The article’s practical focus is compliance operations rather than legal theory. It treats PSD2 as an active control problem, especially where firms rely on exemptions, third-party payment interfaces, or fallback flows that can weaken assurance if they are not monitored consistently.


Key questions

Q: What breaks when PSD2 exemptions are used without strong fraud monitoring?

A: Exemptions stop being a friction-reduction tool and become a hidden trust channel. If fraud thresholds, issuer responses, and chargeback outcomes are not reviewed together, an organisation can keep approving high-risk transactions under a policy that no longer matches reality. The result is soft declines, higher fraud exposure, and weak evidence for regulators.

Q: Why do SCA and consent controls matter for open banking transactions?

A: Open banking relies on both authentication and transaction-specific consent. A user may authenticate successfully, but without dynamic linking and auditable consent records, that session does not prove the payment amount or payee were authorised. That gap turns a legitimate login into an insufficient control for payment integrity.

Q: How do you know if PSD2 controls are actually working?

A: Look for evidence across the whole payment path, not just approval rates. A healthy programme can show low soft-decline noise, stable fraud outcomes, documented exemption use, and consistent SCA decisions across checkout, wallet, and open banking flows. If any one channel behaves differently, the control model is uneven.

Q: Who is accountable when delegated payment authentication fails?

A: Accountability depends on where the authentication decision was made, who owned the exemption or delegation policy, and whether the evidence trail is complete.
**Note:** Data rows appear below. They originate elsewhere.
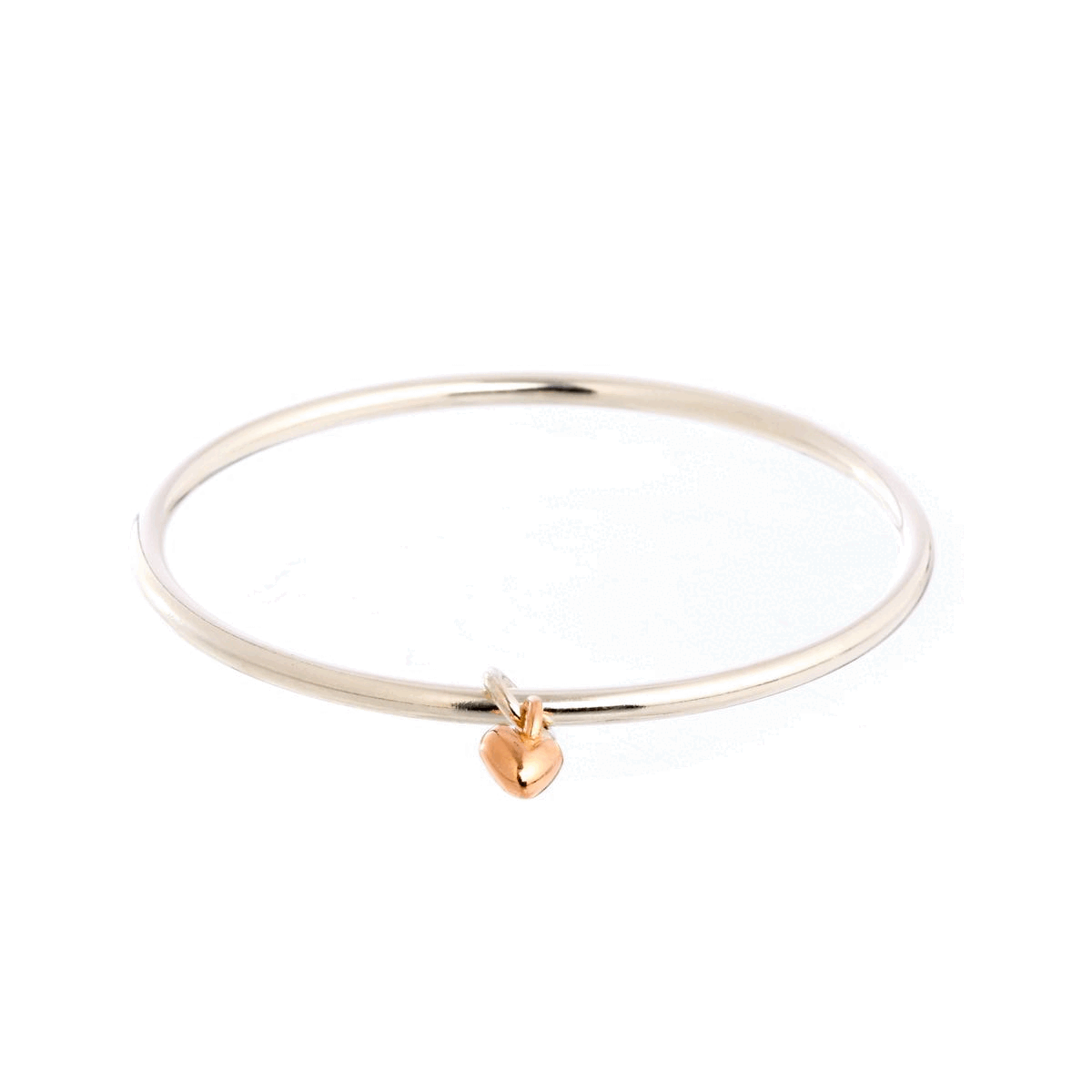 Notre bracelet Sweetheart en argent et en or rose massif est un talisman précieux, un rappel en forme de cœur pour rester à l'écoute de votre cœur. À chaque mouvement gracieux, le charmant cœur en or rose massif se balance délicatement sous le poids du bracelet en argent massif, un compagnon subtil et émouvant tout au long de votre journée.
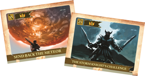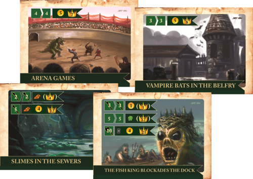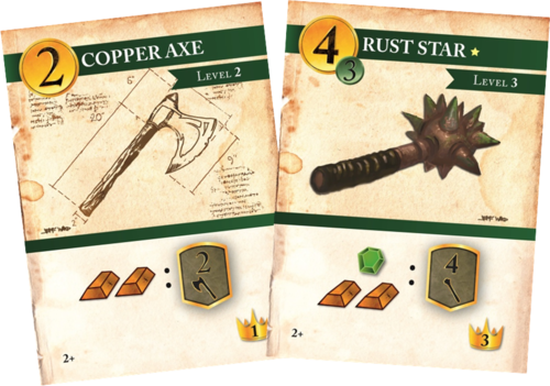 Dans les actions existantes, vous pouvez aller voir le forgeron pour acheter un plan d’arme, aller au bazar pour acheter des cartes bonus, à la caserne pour engager un nouvel aventurier tout frais ou level-uper un aventurier moins frais, allez sur la route pour faire avancer une quête, etc. Selon sur quoi vous misez, vous gagnerez des points si vous parvenez à faire honneur à vos engagements. Par exemple, le bonus du forgeron donne 2 points pour chaque plan d’arme possédé par le joueur etc…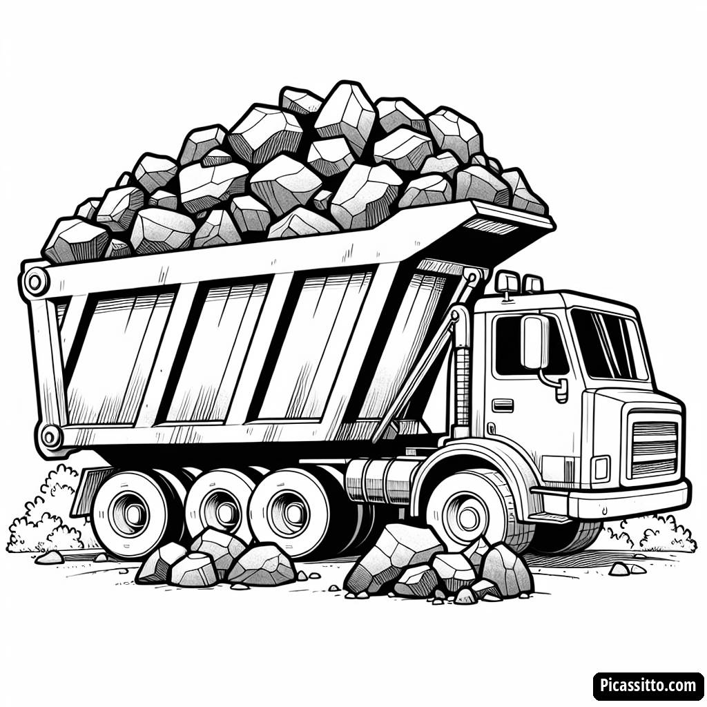Page à Colorier: Camion-Benne Débordant de Roches Colorées!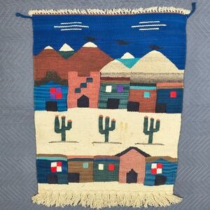 Vintage Southwestern Tapestry Wall Hanging Desert Pueblo Cactus Handwoven 38x28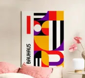 Bauhaus Geometric Shapes Vivid Abstract Color Print Vertical lienzo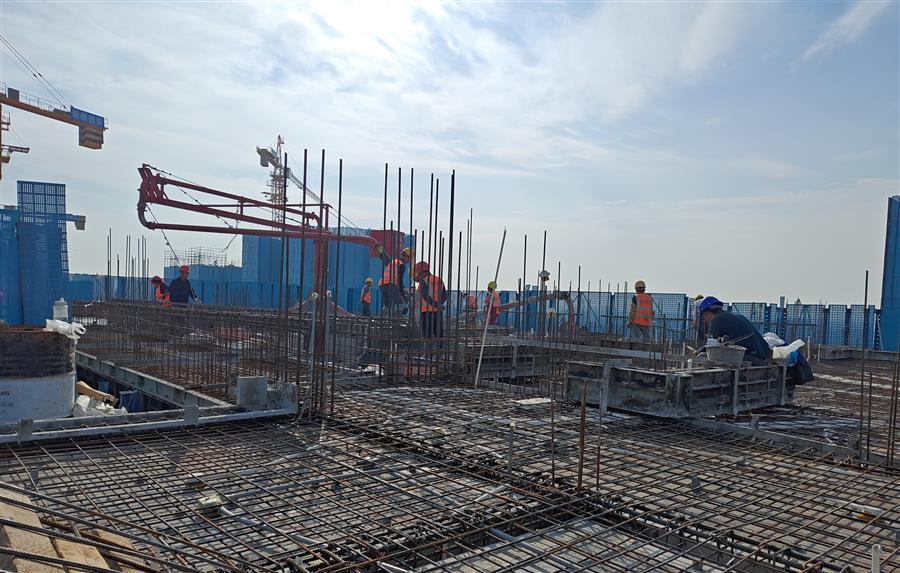 為確保工程快速推進,項目部實行兩班制,科學(xué)制定了夜間專項施工方案,倒排工期,規(guī)劃任務(wù)單,明確了各施工點的建設(shè)內(nèi)容、時間節(jié)點以及相關(guān)責(zé)任人,有序推進夜間施工作業(yè)。目前,中試車間一層二次結(jié)構(gòu)砌筑完成;1#、2#生產(chǎn)車間正在搭設(shè)49-57軸模架及進行40-45軸剛性地面施工;宿舍樓在進行4層梁板砼澆筑和頂板模板、鋼筋施工;倉庫在進行2層梁板砼澆筑和2層模架搭設(shè)。累計完成產(chǎn)值約1.15億元,完成合同造價的23.5%。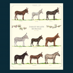 Affiche 24 x 30 cm - Ânes et mulets de France - Illustration d'Elodie DUMOULIN - Collection Ânes et mulets.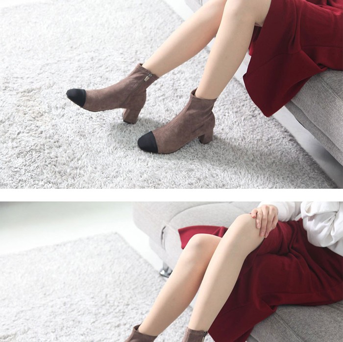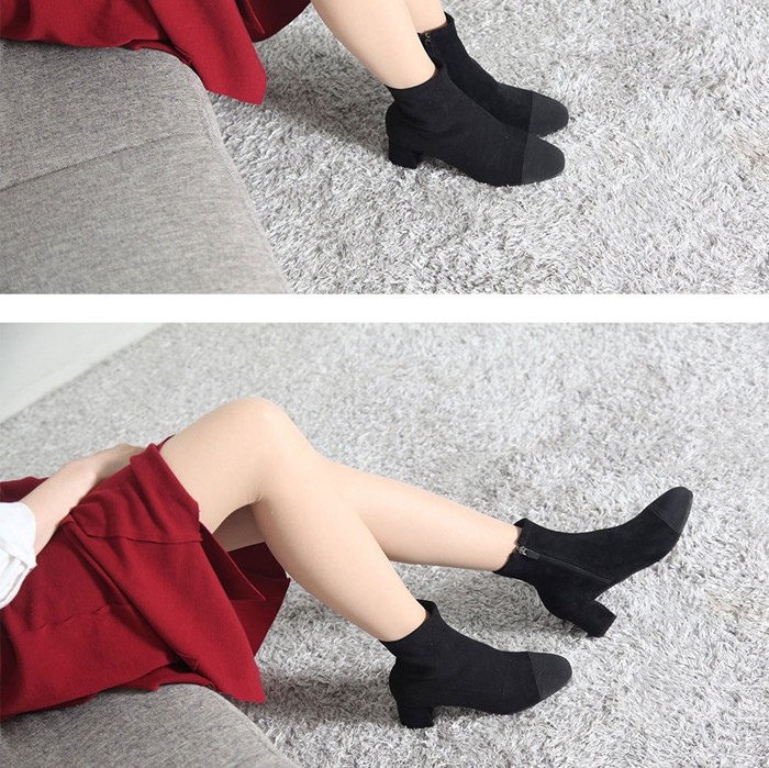 商品名:ストレッチブーツ レディース スエード調 チャンキーヒール 太ヒール 2017 秋冬 ファッション 靴 婦人靴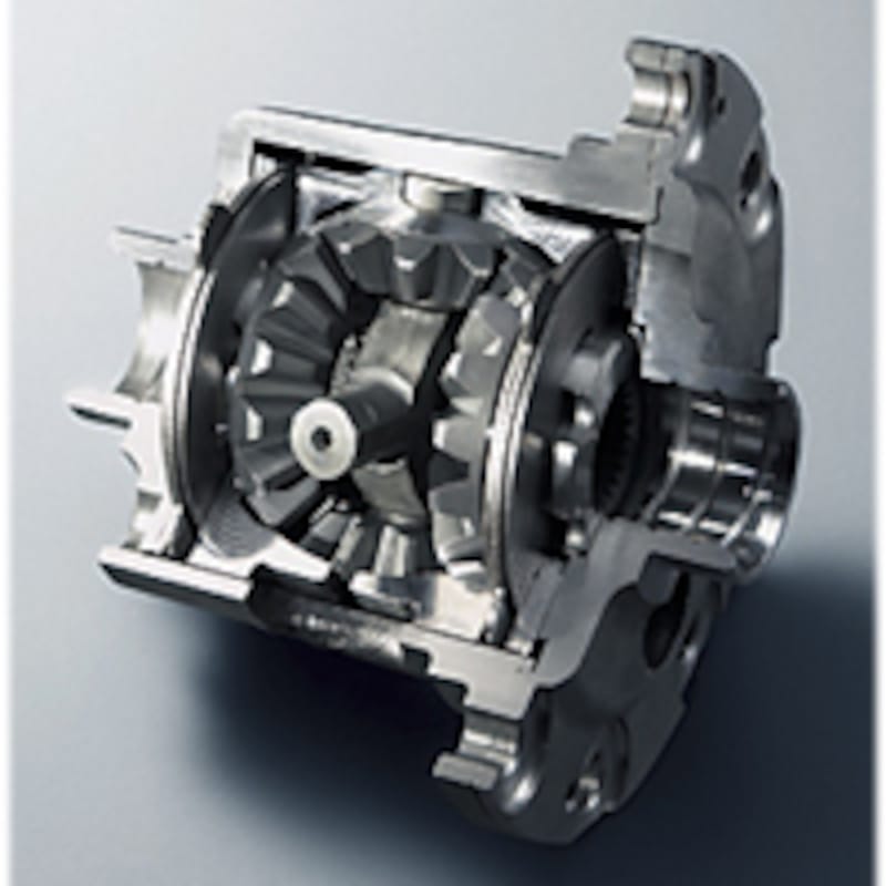 | リアデファレンシャルギヤに機械式LSDを採用。ブレンボ製ブレーキのキャリパーがゴールド塗装とされた | |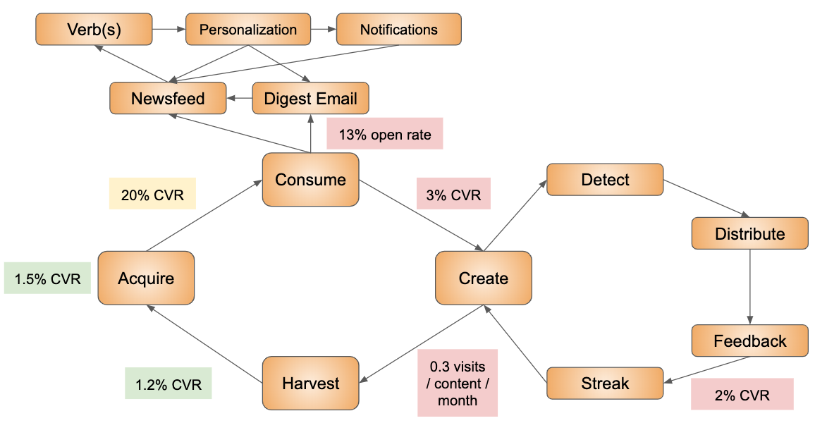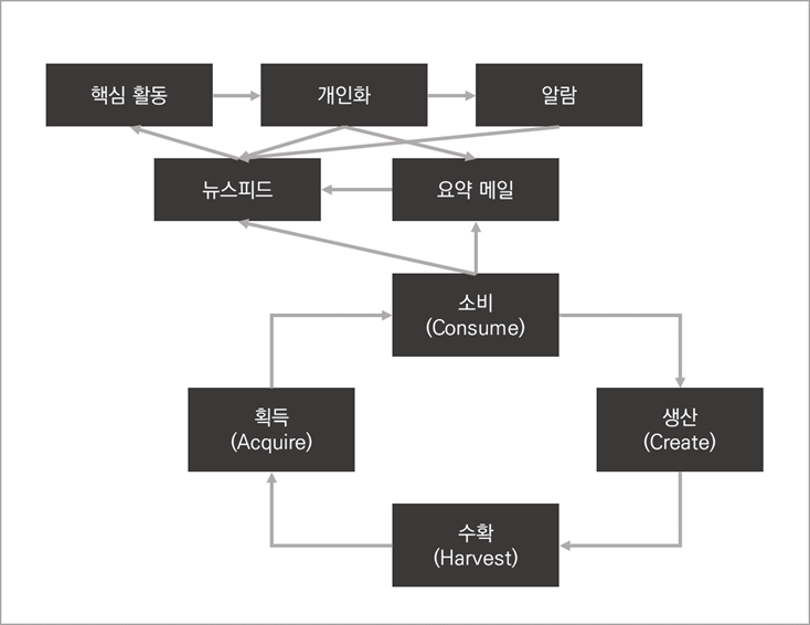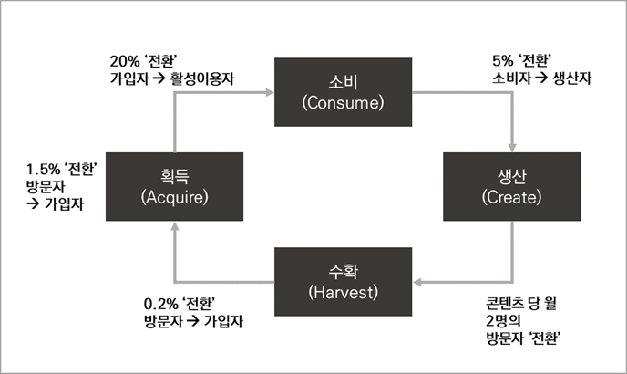 사용자를 획득하고, 콘텐츠 소비, 생산, 그리고 생산된 콘텐츠가 유기적으로 다른 사용자/트래픽을 창출하는 기본적인 흐름의 기본 플라이휠의 핵심 요소는 획득(Acquire), 소비(Consume), 생산(Create), 수확(Harvest)다.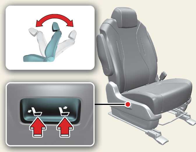 앞쪽 또는 뒤쪽 조절 스위치를 누르면 등받이 각도가 앞 또는 뒤로 조절됩니다. 원하는 위치에 이르면 스위치에서 손을 떼십시오.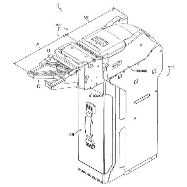 一方、バルクフィーダモジュールとアクセプタモジュールを紙幣取扱装置内に残した状態では、狭い開口部からの作業により処理できるジャムの範囲に限界がある。特に下流側に位置するアクセプタモジュール内で発生したジャム処理は難しい。このため、バルクフィーダモジュールとアクセプタモジュールを、金庫を含むモジュールから取外して紙幣取扱装置の外部でジャム処理できるようにしている。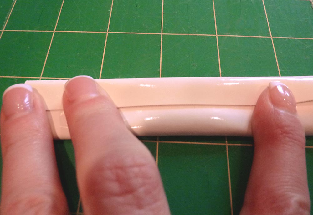 NOTE: There’s no need for any additional finish on this cut edge. It will not ravel or fray because of the vinyl. This is the inside edge. If you take a look at some of the purses in your closet, you may see this exact same finish. It’s quite standard on leather and vinyl because it is very hard (if not darn near impossible) to turn a leather or vinyl tube right side out… it will stick to itself!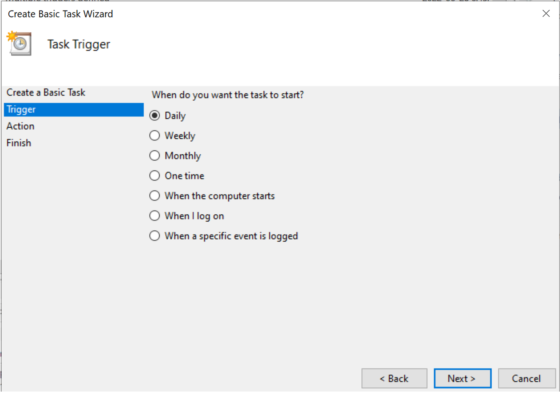 3) เลือกระบุรอบการทำงาน เช่น ทุกวัน (Daily) ทุกสัปดาห์ (Weekly) ทุกเดือน (Monthly) หรือเพียงครั้งเดียว (One time)

If a merchant, wallet, or issuer participates in the assurance chain, each party needs clear ownership for logging, review, and dispute handling under SCA governance.


Technical breakdown

Strong Customer Authentication and why payment flows break

Strong Customer Authentication, or SCA, requires at least two factors from possession, knowledge, or inherence for most remote payments. In practice, payment journeys fail when authentication is bolted on late, when device or app binding is inconsistent, or when the merchant and issuer disagree about whether an exemption applies. This is not just a checkout issue. It is an identity assurance issue because the system must prove both who or what initiated the payment and whether the transaction context matches the claim. The article’s emphasis on 3D Secure and open banking shows how authentication logic becomes part of the control plane, not a back-end afterthought.

Practical implication: map every payment path to an explicit SCA decision point and verify that fallback paths do not bypass authentication.

Exemptions, fraud thresholds, and transaction risk analysis

PSD2 exemptions exist to reduce friction, but they shift responsibility to fraud monitoring and policy discipline. Transaction Risk Analysis, low-value exemptions, merchant-initiated transactions, and whitelisting all depend on measured fraud rates and consistent issuer behaviour. The control problem is not exemption availability, it is exemption governance. If thresholds are not tracked carefully, an organisation may create a hidden trust gap where transactions are treated as low risk without evidence. This is where identity and fraud governance intersect: the system is deciding when an authenticated session can be trusted enough to skip extra challenge, which is a risk-based access decision in payment form.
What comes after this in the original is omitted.